Damage caused by free radical-induced oxidation in humans is thought to play a significant role in ischemic disease and contribute to the development of disease [30]. During myocardial infarction, many oxygen free radicals are produced in cardiomyocytes, which cause injury to mitochondrial function. Based on the mitochondrial localization of Mzb1, we determined the effects of Mzb1 on mitochondrial function [31]. Our study showed that Mzb1 increased mitochondrial ATP production and oxygen consumption in H2O2-induced cardiomyocytes. Mzb1 also significantly reduced the synthesis of mitochondrial ROS. Most studies have shown that PGC1α is an important regulator of energetic metabolism for cardiac growth under various physiological and pathological stimuli [32]. Tangeretin enhanced mitochondrial biogenesis by activating the AMPK-PGC1α pathway, resulting in improved exercise performance [33]. We found that Mzb1 may modulate mitochondrial function by regulating the AMPK-PGC1α pathway.

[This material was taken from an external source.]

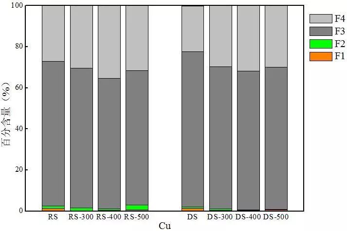 對(duì)比兩種熱解炭中Cu的分布可以發(fā)現(xiàn),消化污泥熱解炭中穩(wěn)定態(tài)Cu含量也均高于同等溫度下生污泥熱解炭,尤其是F3態(tài)的含量,這是因?yàn)榻?jīng)過(guò)厭氧消化后F3態(tài)的比例增加,從70.5%增加到75.7%,進(jìn)而使消化污泥熱解炭中F3態(tài)含量高于生污泥熱解炭。消化污泥F3態(tài)Cu含量增加可能是由于大量的含硫化合物在硫酸鹽還原菌的作用下生成S2-,導(dǎo)致消化后的硫化物形態(tài)增加。即增大了F3態(tài)Cu的含量。

In response to external stimuli, the release of endogenous molecules containing damage-associated molecular patterns (DAMPs) triggers an inflammatory response in the heart. The NLRP3 inflammasome activation is increasingly recognized as an important mechanism linking mitochondrial function and integrity to innate immunity. Increased mitochondrial damage associated with increased oxidative stress contributes to cardiac inflammation [17]. Here, we observed a decreased level of NLRP3 in mice with forced Mzb1 expression. Furthermore, our results showed that Mzb1 affected the expression of mononuclear macrophage CCL2, and we then explored the link between Mzb1 and macrophage infiltration. Through our research, we demonstrated that Mzb1 promotes macrophage proliferation and migration. If possible, we will next detect the effect of Mzb1 on macrophage accumulation.

In conclusion, the results of this study suggest that Mzb1 protects cardiomyocytes in myocardial infarction by regulating mitochondrial function and reducing inflammation. This discovery provides new targets and intervention means for the treatment of disordered mitochondrial energetic metabolism in myocardial infarction.